Gurkha veterans call off hunger strike after UK agrees to negotiate pensions

Former Nepalese Gurkhas in the UK ended a 13-day hunger strike after the British government agreed to enter into talks with the Nepalese embassy on equal pensions.

The deal came a day after one of the veterans, Dhan Gurung, 60, of Hampshire, was admitted to hospital with heart problems.

Gurkha soldiers are recruited from Nepal and have served in the British Army for more than 200 years, including during the world wars and in Afghanistan.

They have a reputation for being tough and loyal fighters.

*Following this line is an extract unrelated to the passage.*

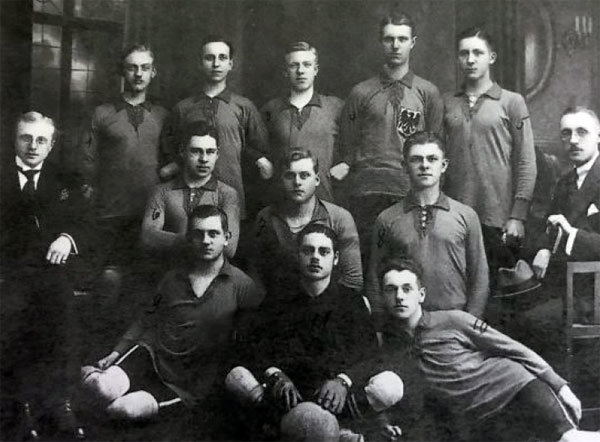 [Eines der ersten Mannschaftsfotos, aufgenommen im damaligen Vereinslokal Römer.]

But for years, the UK-based Gurkha Equal Rights campaign has lamented the fact that those who retired before 1997 are not eligible for a full state pension from the British Armed Forces.

Today the group formally announced the end of the hunger strike after the Defense Ministry agreed to hold bilateral talks.

More than 100 people marched through London in support of the group on Wednesday. The week before, Gurung had said that his own pension in 1994 had been 20 pounds a month, and that he and his family “lived in poverty”.

British actress and activist Joanna Lumley, whose father served in the 6th Gurkha Rifle, joined hunger strikers outside Downing Street on Monday. Ministers, he said, “cannot praise our veterans for heights when it suits them, but ignore them and condemn them to poverty when it does not suit them.”

In a statement Thursday, the Defense Ministry said: “Our primary concern is always the health and well-being of our service personnel and veterans, and this strike was not a course of action that we encouraged.

“We hope to meet the group next month together with the Nepalese ambassador to move forward together.”